MPCA web application

The MPCA web application (https://mpca-chouchani-lab.dfci.harvard.edu/) was hosted on the Shiny R server. The application was written and developed with the Shiny R package, and data visualizations were made possible with the following packages: shiny, tidyverse, ggpubr, visNetwork, png, dqshiny, DT, gsubfn, shinyjs, glue, shinydashboard and plotly.

Statistical analyses

Quantification and statistical analysis pipelines are described in the sections above. Data analysis was performed in Excel, R, and GraphPad Prism. Data were expressed as mean ± s.e.m. unless otherwise noted, and P values were calculated using two-tailed Student’s t-test for pairwise comparison of variables. For enrichment analysis, Fisher’s exact tests were used. For correlation and enrichment analysis, P value was adjusted using the Benjamini–Hochberg procedure⁸⁵, and adjusted P < 0.05 was considered significant.

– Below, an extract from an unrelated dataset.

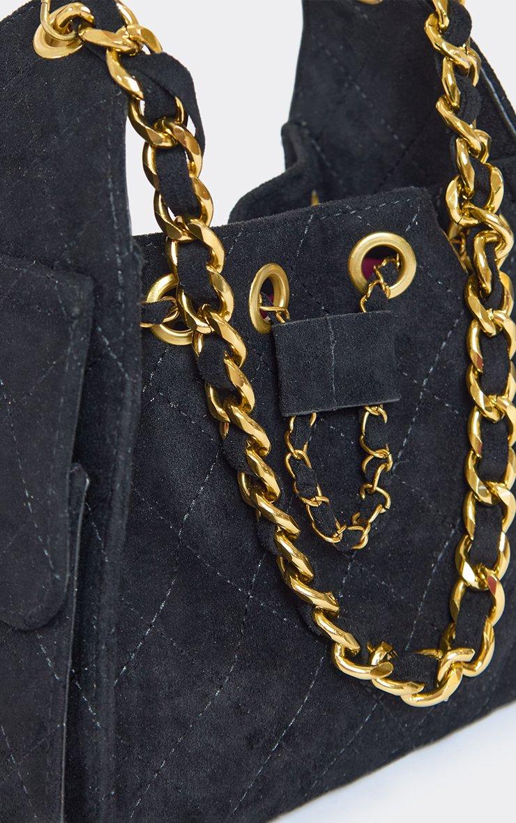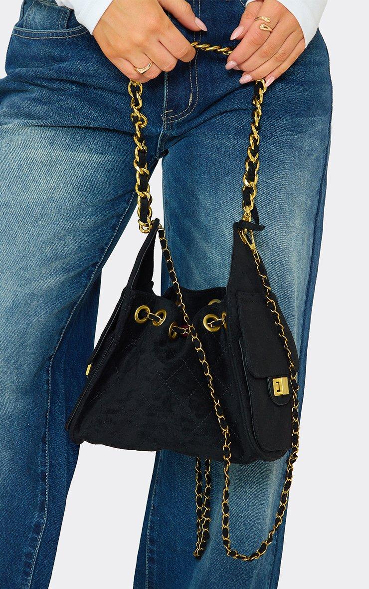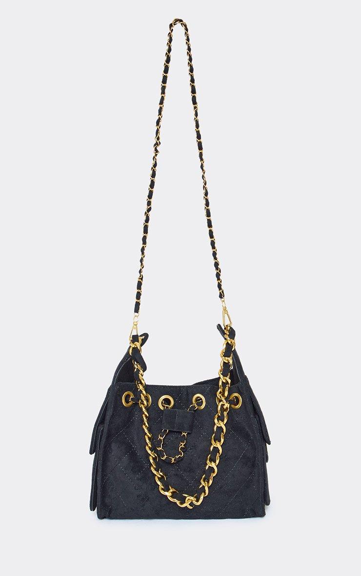 Smash Chain Strap Detail Shaped Shoulder Bag In Black Faux Suede

Sample sizes were determined based on prior reports using similar methods^10,12. Unless otherwise stated, all stated replicates are biological replicates. For cell experiments, each biological replicate was originated from a shared genetically validated stock, independently plated, cultured for at least 48 h, and independently replated prior to the experiment. For MS analyses, sample order was randomized.

Reporting summary

Further information on research design is available in the Nature Portfolio Reporting Summary linked to this article.